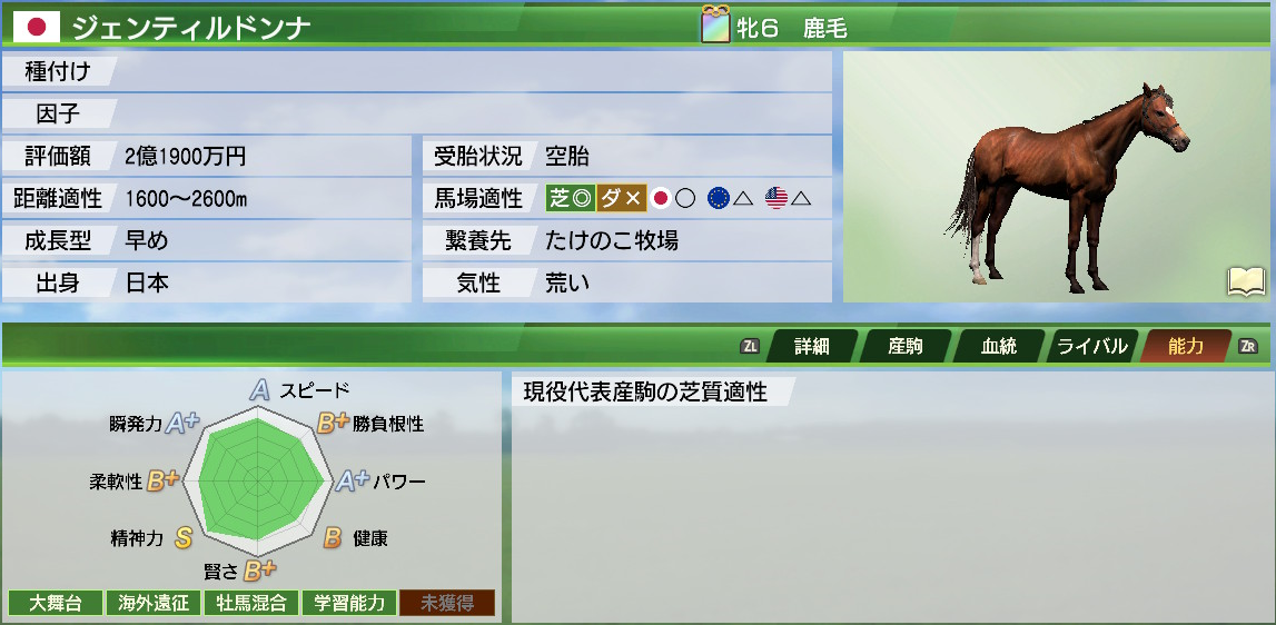 スピード、サブパラともに高く、ゲーム内でも史実と同様に3冠が達成可能な能力を持っています。
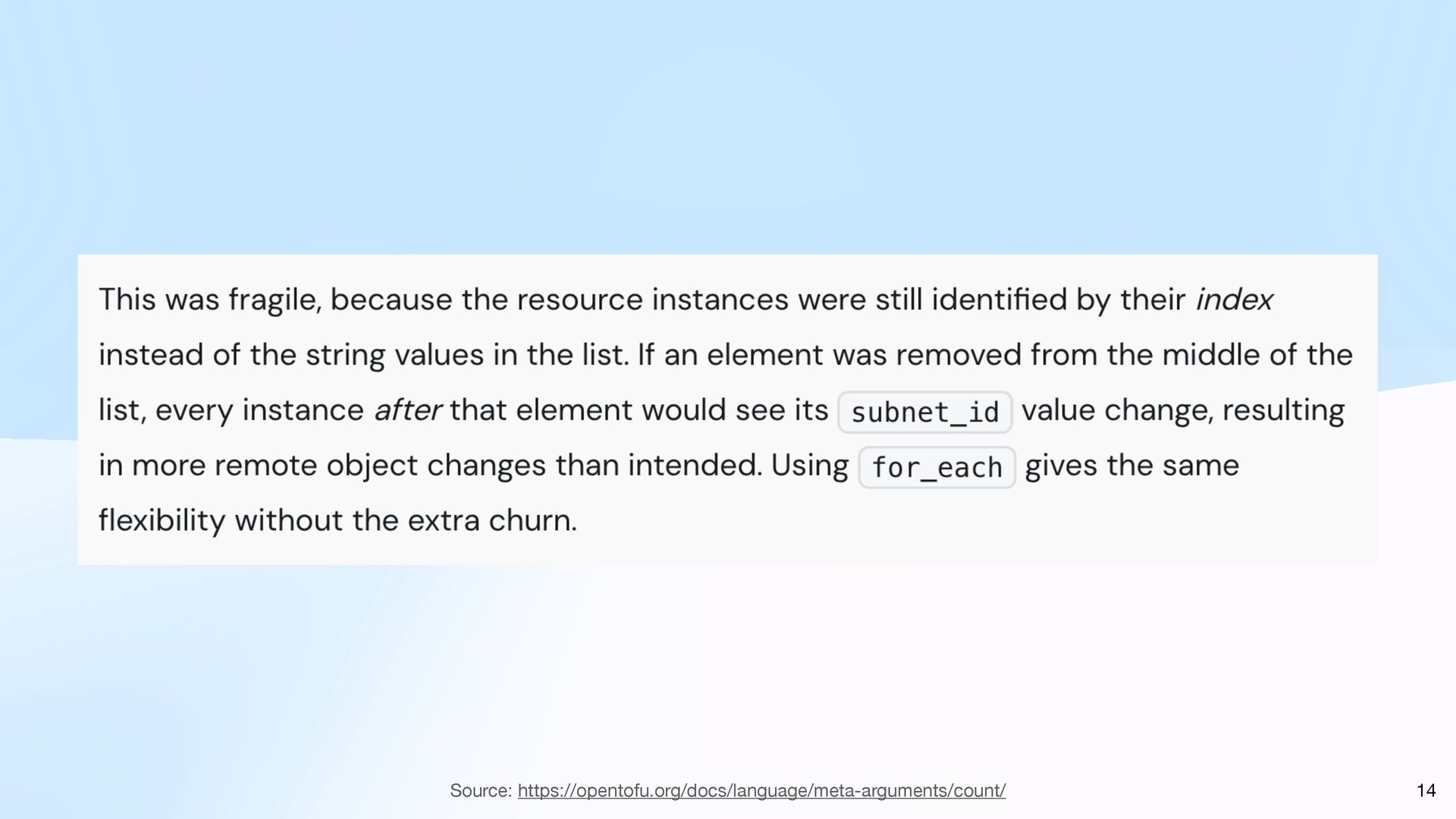 14 Source: https://opentofu.org/docs/language/meta-arguments/count/
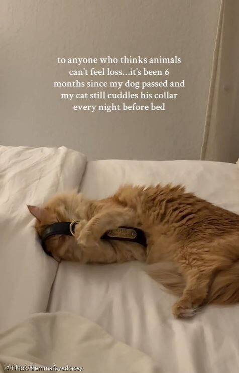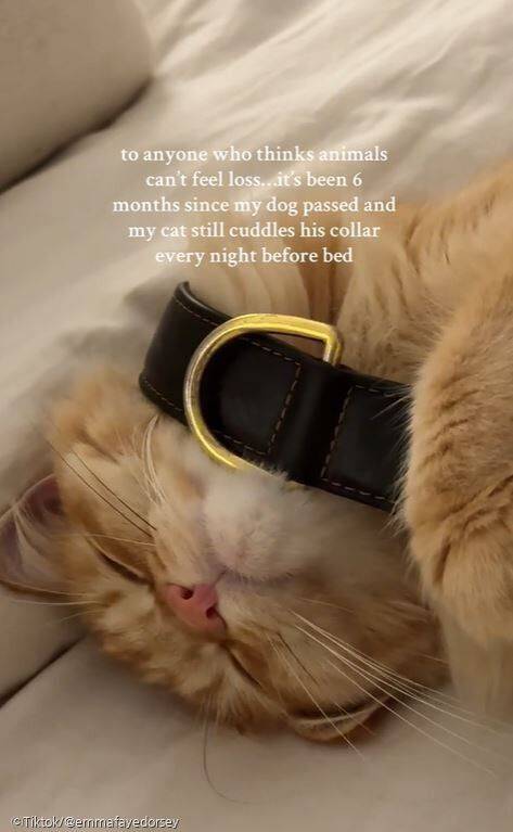 한 고양이가 세상을 떠난 리트리버 형제가 남긴 목줄을 껴안은 모습이 눈물샘을 자극합니다.
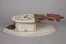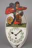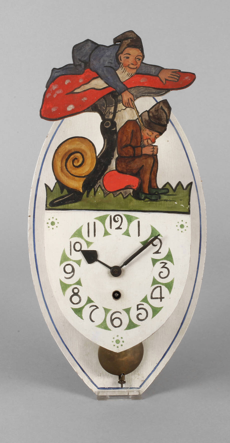 Entwurf um 1908 für ein Kinderzimmer, Ausführung Oskar Schönfeld München, Schichtholz mit handgemaltem Zwergendekor, Pendulenwerk ohne Schlag, Pendelfeder eingerissen, sonst guter Zustand und funktionstüchtig, mit Schlüssel, H 41 cm.
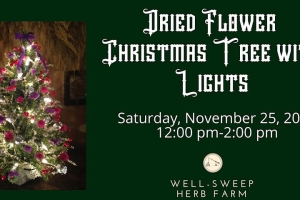 Create a beautiful 12” miniature Christmas tree with tiny lights and flowers to decorate your table for the upcoming holiday. Start with an artificial pine tree and cover it with a string of lights, adding accents of dried flowers grown at Well-Sweep for a fully adorned masterpiece.
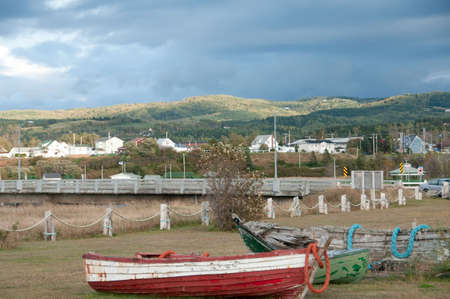 wrecked fishing boat and village, scenic view before a storm. Mont Ste Anne ,Gaspesie, Canada
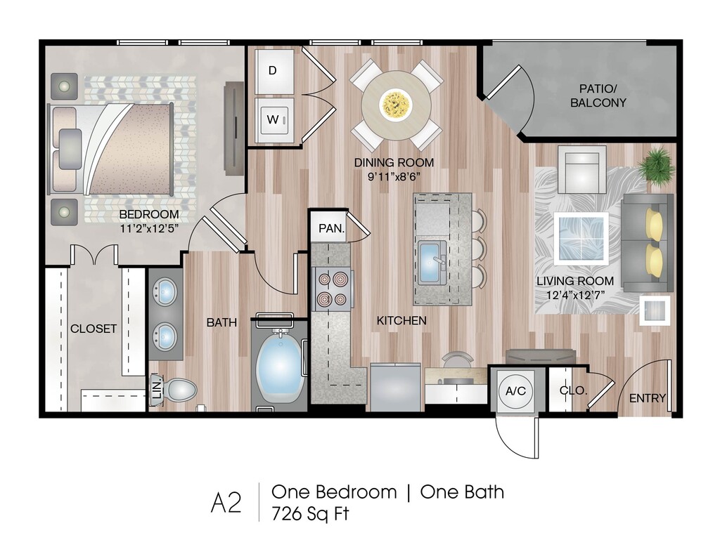 Apartment Model: A2From $1,5801 Bedroom, 1 Bath, 726 sq ftAvailable Now![]()

........

• [WORK INSTRUCTION] The result should be the full set of entries above, restated exactly and without images.

• [YOUR SOLUTION]
 スピード、サブパラともに高く、ゲーム内でも史実と同様に3冠が達成可能な能力を持っています。
 14 Source: https://opentofu.org/docs/language/meta-arguments/count/
 한 고양이가 세상을 떠난 리트리버 형제가 남긴 목줄을 껴안은 모습이 눈물샘을 자극합니다.
 Entwurf um 1908 für ein Kinderzimmer, Ausführung Oskar Schönfeld München, Schichtholz mit handgemaltem Zwergendekor, Pendulenwerk ohne Schlag, Pendelfeder eingerissen, sonst guter Zustand und funktionstüchtig, mit Schlüssel, H 41 cm.
 Create a beautiful 12” miniature Christmas tree with tiny lights and flowers to decorate your table for the upcoming holiday. Start with an artificial pine tree and cover it with a string of lights, adding accents of dried flowers grown at Well-Sweep for a fully adorned masterpiece.
 wrecked fishing boat and village, scenic view before a storm. Mont Ste Anne ,Gaspesie, Canada
 Apartment Model: A2From $1,5801 Bedroom, 1 Bath, 726 sq ftAvailable Now![]()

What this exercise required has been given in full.